Thursday 9 April 2015

Of Pretentious Writing

A good piece of writing for me is anything that doesn't portray its author as something he or she is not. If you are a racist bigot and your book defends racism, I might not read your book, but I would be okay with it existing. On the other hand, if you write a an intelligent sounding treatise on curbing racism, there will be undercurrents of shallowness in your writing that will annoy the heck out of the reader.

Such books are the advertising world equivalents of fairness cream commercials which ask women to develop confidence by telling them that their natural complexion is ugly. 

And then there is funniness in false pretenses. There are writers who think they are writing an original thriller but eventually end up writing the most generic piece of work ever. There would be a hero, a sidekick, a crisis, a mystery and in the end it will all unfold not so shockingly. Some of course do not have any pretenses about their writing and that helps but, some writers use superlatives for their own hero. Every silly observation by their detective is a 'work of genius', every silly twist is 'so shocking!' For me, the superlatives are very close to self-praise and should be done away with.

In literary novels, there is a different kind of pretentiousness. The author tries to deviate from the topic as much as possible. There should be no plot and every character must have a background story. Sometimes, this ends up creating a very confusing picture. A grandpa character who could just have been a happy dude becomes an elderly figure who hates cats because he loved his son too much who abandoned him and his name rhymed with the name of a neighbourhood cat.
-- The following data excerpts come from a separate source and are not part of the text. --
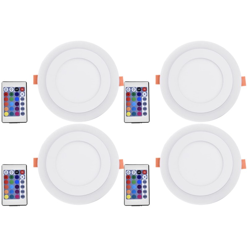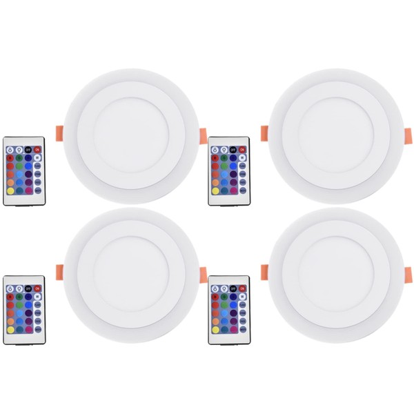 18W LED Flat Panel Lights with Remote Control Dimmable Outside Lights Recessed Ceiling Downlight 6500K Cool White + RGB 1800LM Flush Mount Ceiling Light for Bedroom Living Room, 4 Pack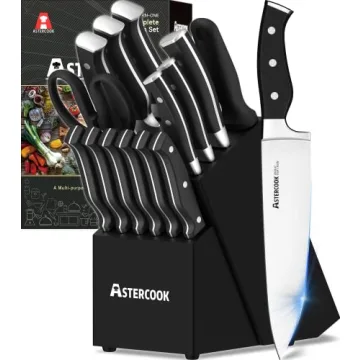 Show more The Astercook 15 Pieces Kitchen Knife Set is an essential collection designed for both novice and professional chefs alike. Each knife in this premium set is crafted from high carbon stainless steel, promising extraordinary sharpness and durability. Featuring an array of blade types, including an 8" chef knife, an 8" slicing knife, a 7" santoku knife, and a serrated bread knife, this set caters to every culinary need with finesse. Additionally, the ergonomically designed handles offer a comfortable grip, ensuring safety and efficiency while minimizing the risk of slips, even when dealing with the sharpest of blades. Completing the set is a sleek black hardwood knife block, perfect for storing your knives securely and stylishly, along with a knife sharpener that helps maintain their edge for long-lasting performance.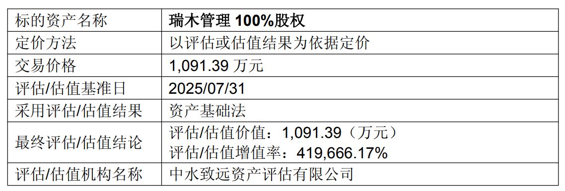 相比于上述有色资源类标的的评估增值,瑞木管理100%股权评估价值为1091.39万元,相对于净资产账面价值0.26万元,评估增值1091.13万元,增值率为419666.17%。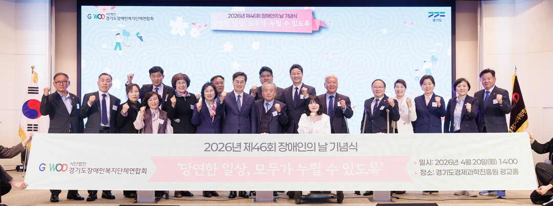 ▲ 20일 경기도경제과학진흥원 광교홀에서 열린 제46회 장애인의 날 기념식에서 김동연 경기지사를 비롯한 참석자들이 기념촬영을 하고 있다. [경기도 제공]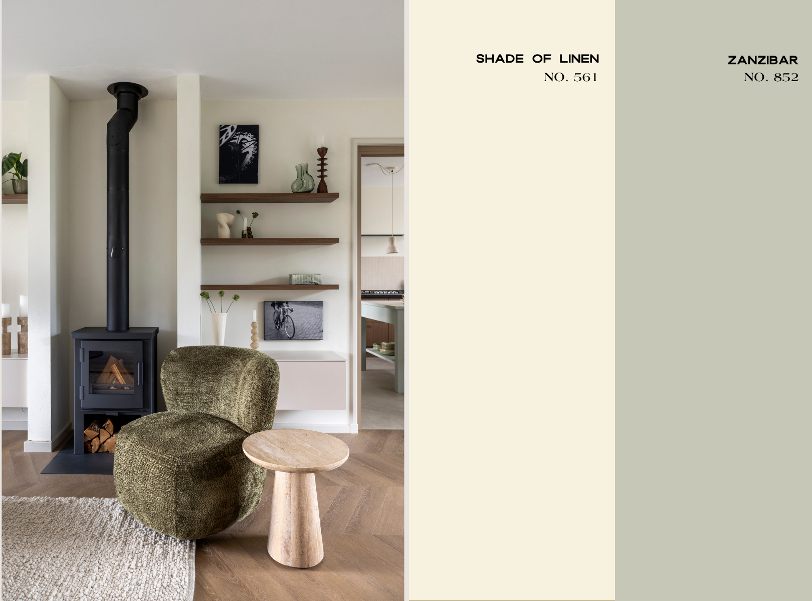 Ze werkt met een verfijnd palet waarin de rustige LAB kleur Shade of Linen no 561 de basis vormt. Deze wordt gecombineerd met het zachte, natuurlijke groen van Zanzibar no. 852 wat samen zorgt voor een serene uitstraling.

It is also implied that the grandpa actually loves cats. Such entanglements create conflicted instead of complex characters. Also, in literary novels you have to describe every flower that is on the roadside. Attention to detail is good but, as soon as it seems unnecessary or forced, it turns nauseating. Unless your protagonist is a wine-sniffing, poet-cum-botanist, why would he be interested in the scientific names of the yellow flowers he saw once on his way to work? Keep it real.
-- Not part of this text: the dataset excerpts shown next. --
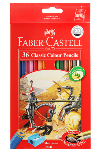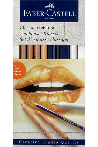 A classic sketch set from Faber-Castell featuring 1 Goldfaber sketch 2B pencil, 3 Pitt pastel pencils (in white medium, sanguine, and walnut brown), 1 Pitt oil base pencil (in black medium), and 1 blending stump.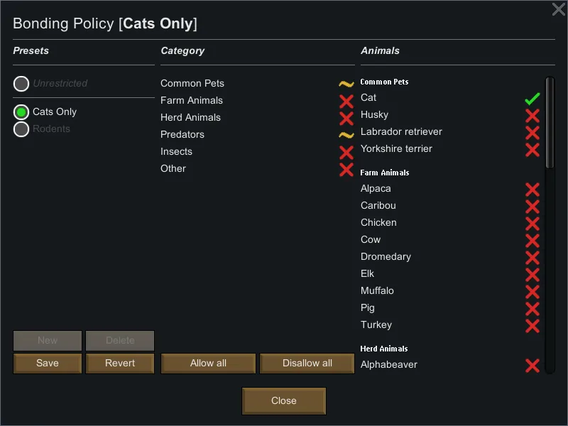 [*] Disallow bonding with certain animals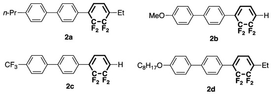 Building on the abovementioned results, we herein synthesized and characterized molecules 2a–d to examine how PL and LC properties are affected by the position of the tetrafluorocyclohexa-1,3-diene ring in the tricyclic structure and the electronic properties of terminal substituents (Figure 2) [15,18].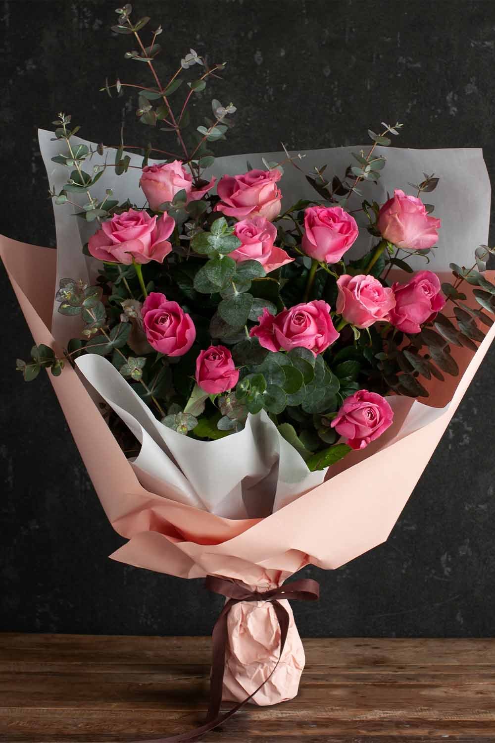 花束 ラッピング付き ピンクバラの花束催し会場や行事を飾る花お祝い・お供えの花通販ギフトは送料無料の お花の窓口 へ。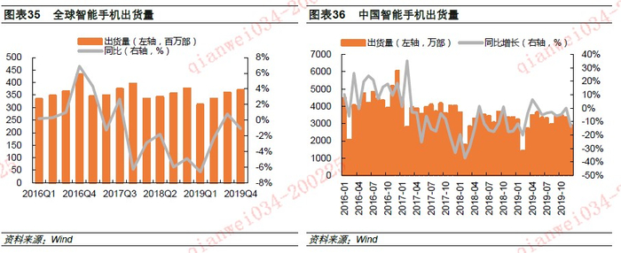 (2)3C手机领域,5G推动,2020年起恢复增长。手机是3C最重要的产品,2016年以来随着智能手机渗透率提升以及换机周期延长,全球智能手机出货量增长低迷。2019年起5G手机进入市场导入期,各手机厂商积极推出5G手机,其中,红米K30更是将5G手机的价格打入了2000元区间,它的发布意味着5G手机正式具备了普及化的能力。我们预计随着5G基站布局逐步完善以及5G新机型推出,智能手机换机需求将得以激活,短期智能手机可能受疫情影响,但2020年起全球智能手机出货量有望恢复增长可能性较高。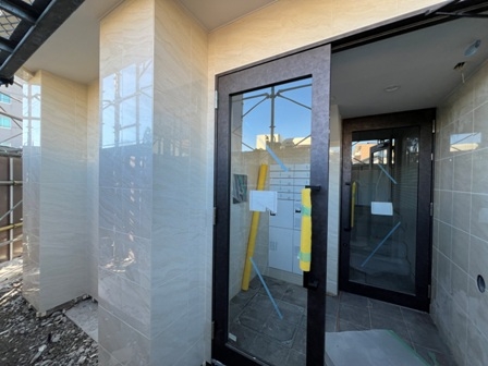 賃貸部分に上がるエントランス周りも扉が設置され、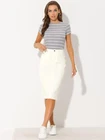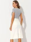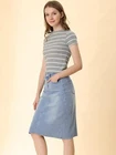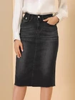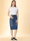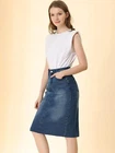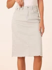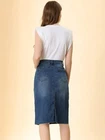 Product Description Allegra K Women's Jean Skirt Back Slit Raw Hems Denim Skirt Denim Skirt, An Essential Wardrobe Piece This Versatile Silhouette Pairs Well With Pretty Much Anything. The relax fit knee length jean skirts is suitable for dating, business, holiday and daily wear, etc. 1 Classic Jean Skirts 2 Various Color Skirts Detail of Women's Fashion Denim Jean Skirts, Stretchy & Excellent Breathable Perfect Match All Kinds Of Tops - Classic Never Goes Out Of Style What is the length of the skirt? The skirt would be pass my knees. If you higher than 5’7", it would be knee length. Is there any raw hem around the bottom? We have updated our skirt, the new version already with the raw hem. Is the skirt straight? No. It looks like a straight skirt, but the one I got is flared Skirt.

Then there is the generalizing kind of writing. People feel a certain way and then they make a label out of it and paste on the world. People who are not comfortable in their skin try to make it a social issue. If no one talks to you, it is not because you're dark, fat or short. Yes, world is unfair but, not everything needs to be turned into a campaign. Sometimes instead of posting a one page status update on Facebook about how you feel women should not be judged on the basis of looks, you should just be thankful that the jerks who just see women as pieces of meat are not after you. Good people gravitate toward good people. Bad people attract needy pretentious people. It is that simple.